The ACE algorithm system will be tested prior to use in the pilot study to identify any problems and refine the system using two approaches. First, research team members and FQHC study co-leads/champions (i.e., data manager and Director of Health Steps programs) will try the system on their own and then convene to discuss glitches and provide suggestions for greater usability in clinics. Once approved by this group, one clinic will be selected (not a clinic for the trial study) to beta test the trial enrollment and data entry processes using the database and algorithm system. After the refinement and testing of the strategy activities during the 6-months developmental phase, we will finalize study materials and protocols. For aim 2, we will draw on what we learned from the developmental phase (aim 1) to inform a pilot study testing the feasibility, acceptability, fidelity and reach of the implementation strategy, and the impact of the ACE policy on child-level outcomes.
Aim 2: Pilot test the feasibility, acceptability, fidelity and reach of the implementation strategy, and the impact of the ACE policy on child patient-level outcomes.

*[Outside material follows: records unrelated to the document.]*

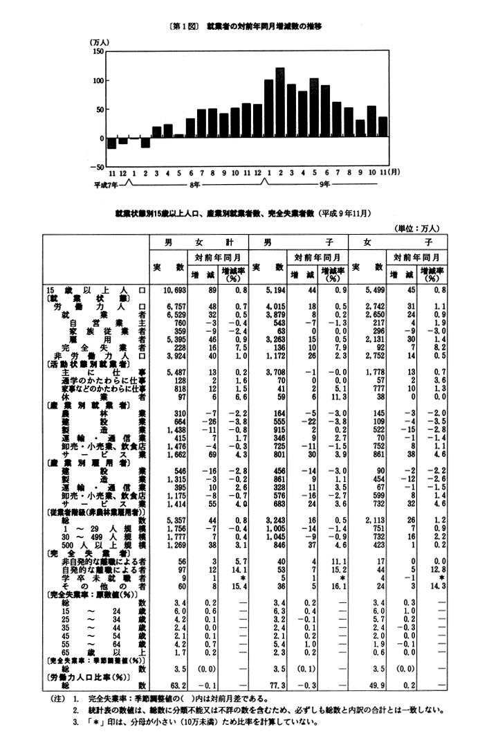 賃金の動向を毎月勤労統計でみると、現金給与総額は、事業所規模五人以上では前年同月比で十月一・四%増の後、十一月(速報)は一・〇%減(事業所規模三十人以上では同一・二%減)となり、うち所定外給与は、十一月(速報)は同〇・〇%(事業所規模三十人以上では同〇・六%増)となった。実質賃金は、前年同月比で十月一・三%減の後、十一月(速報)は三・一%減(事業所規模三十人以上では同三・四%減)となった。なお、平成九年の民間主要企業の年末一時金妥結額(労働省調べ)は前年比二・八%増(前年は同二・八%増)となった。
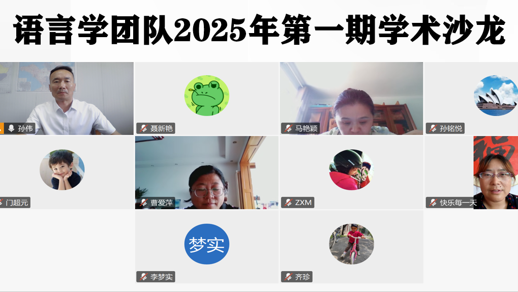 语言学研究团队通过腾讯会议形式成功举办2025年第一期学术沙龙。本期沙龙活动由团队负责人孙伟主持,曲阜和日照两校区的全体团队成员参加了本次学术交流。
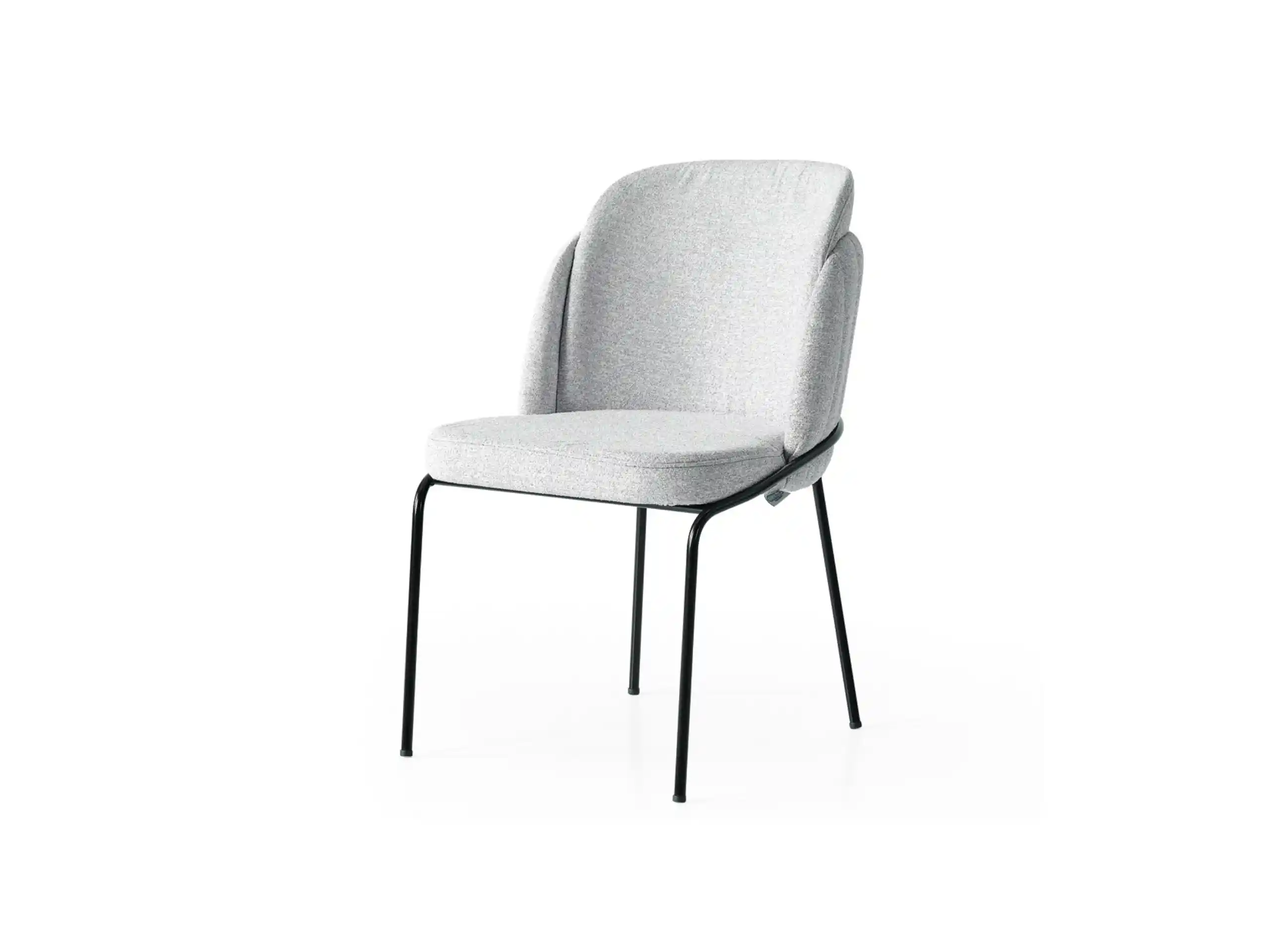 The chair rests on sleek, black-finished metal legs that offer strength and stability while maintaining a contemporary profile. The contrasting textures of the boucle upholstery and the subtle gleam of the metal legs strike a perfect balance between elegance and modern flair.

We will conduct a SW-CRT pragmatic trial without transition periods . Recruitment of five clinics (clusters) serving 3000 children ages 0–5 years old will allow us to test the primary hypothesis of whether clinics employing a multifaceted implementation strategy will have higher fidelity to the ACE screening process and higher reach than other clinics. A secondary hypothesis will test whether the ACE policy will increase appropriate child-level mental health referrals and clinical symptom outcomes. The study will use mixed methods, with quantitative and qualitative sources of data to test the hypotheses, including child electronic health records, observations, interviews, and questionnaires with clinic personnel and caregivers. Following the SW-CRT design, each select clinic will receive the implementation strategy at different points in time and following a random order. Clinics will be selected to represent diverse geographic regions and counties, clinic size, pediatric patient volume, and patient-provider ratios.
The full pragmatic trial will last 15 months, conducted in six 10-week periods. Control status refers to clinics using standard care to identify children’s mental health needs through developmental screenings, discussions with providers during wellness visits, and/or following the ACE state protocol (i.e., PEARLS screenings, ACE health-related condition checklist, wellness exam and follow-up education). Intervention status refers to clinics implementing standard care in addition to the implementation strategy. During the baseline period (weeks 1–10), we will collect pre-implementation data for all five clinics on PEARLS screening rates, ACE-related health conditions checklist completion rates, mental health referral rates, and child socio-demographics. Figure 4 presents the SW-CRT design and timing of data collection.
This study design offers logistical and analytical advantages, including decreased burden for clinical sites, staggering of the implementation strategy with fewer resources needed such as the number of FQHC staff, steady allocation of resources and staff, and an opportunity to learn from each time period . This approach will also provide a robust study of the ACEs Aware policy implementation, while accounting for the complex and dynamic nature of FQHC clinics and patient needs.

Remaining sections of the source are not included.